You'll have to add forwarding for ESP protocol, or use NAT-T patch and also forward UDP 4500 port.
Yeah, I have been trying to figure out how to forward protocols 47, 50 and 51 to the vpns without knowing whether it is successful or not. So, on to nat-t then.
The freebsd servers are not running a firewall or NAT at this point. I don't think they need to run NAT, but I haven't decided on the firewall yet.
So, given that situation, I don't know if the NAT changes to the kernel you are suggesting below would help, since NAT is happening on the dsl routers. I am guessing my problem is between the vpn server and the dsl router's NAT capability. I have done a tcpdump on the gif interface, and I can see the ping requests being made across it, but there's no response. I don't even know if the traffic is making it beyond the vpn box, let alone beyond the dsl modem.
The NAT-T patch I was talking about adds the kernel part of an *IPSec* feature: support for NAT-Traversal extension (RFCs 3947 and 3948), which allows IPSec tunnels to be established if there is some NAT between IPSec gates.
This is exactly your setup.
Cool.
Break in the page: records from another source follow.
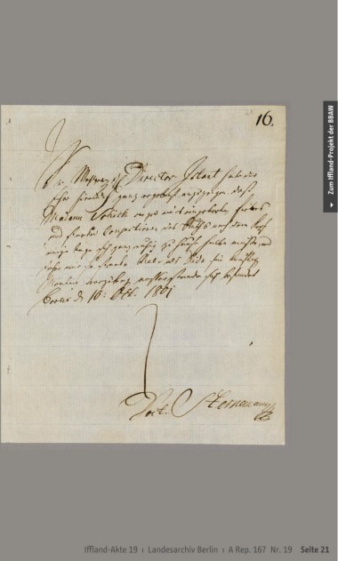 Zum Iffland-Projekt der BBAW Iffland-Akte 19 ı Landesarchiv Berlin ı A Rep. 167 Nr. 19 Seite 21
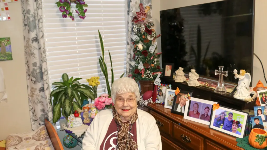 Betty Cooper, 94, is pictured in front of her Brownwood Lions Christmas tree in her room at Oak Ridge Manor
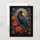Postcard with a black crow perched on a branch surrounded by red flowers. Cool gothic vibe.
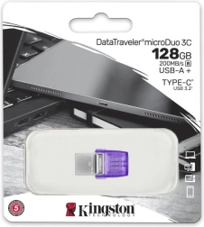 Det kompakte USB-flashdrev Kingston DataTraveler microDuo 3C tilbyder en kapacitet på 128 GB, dobbelt interface USB‑C og USB‑A og hurtige overførsler takket være USB 3.2 Gen 1 med læsehastighed op til 200 MB/s. Ideelt til at frigøre plads på telefon eller tablet, nem sikkerhedskopiering og overførsel af fotos og videoer. Understøttelse af OTG og plug and play betyder øjeblikkelig brug uden installation.
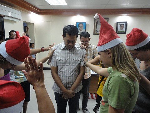 (We are caroling at churche families, and Mayor's office, here we are praying for the Mayor of Cainta, who welcomed us to his city, and thanked us for living with the hardship of San Buena area.)
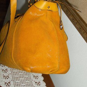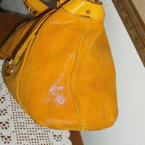 Interior is neutral leopard-print lining, back-wall zip pocket, three front-wall slip pockets. Long strap is not removable. Body/trim 100% leather; lining 100% polyester. Smoke free home. Please check out my other items. Warm golden yellow color.
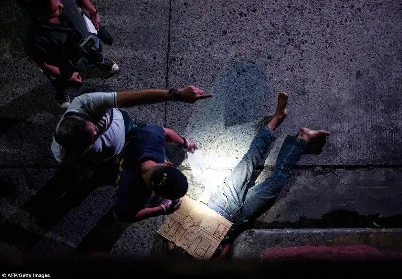 Бездомные дети спят на кусках картона посреди улицы, а вокруг них творится хаос.

My response above was based on not really understanding how nat played havoc on my vpn design. It sounds like NAT-T is what I should be doing then. Do you know if the patch was included in the 6.1 and 6.2 releases? Or perhaps in current/stable? It would be faster for me to reload, rather than making world; the machines I am working with are amd K6 500mhz cpus, with 186megs of ram.
The tcpdump on your GIF interface will only show you that FreeBSD correctly routes the packet to that interface.....
About dynamic ip: The dsl routers have been configured to use the dyndns service, and each time the ip address changes, dyndns is updated as well.
You'll still have the problem "detecting when the peer's IP change".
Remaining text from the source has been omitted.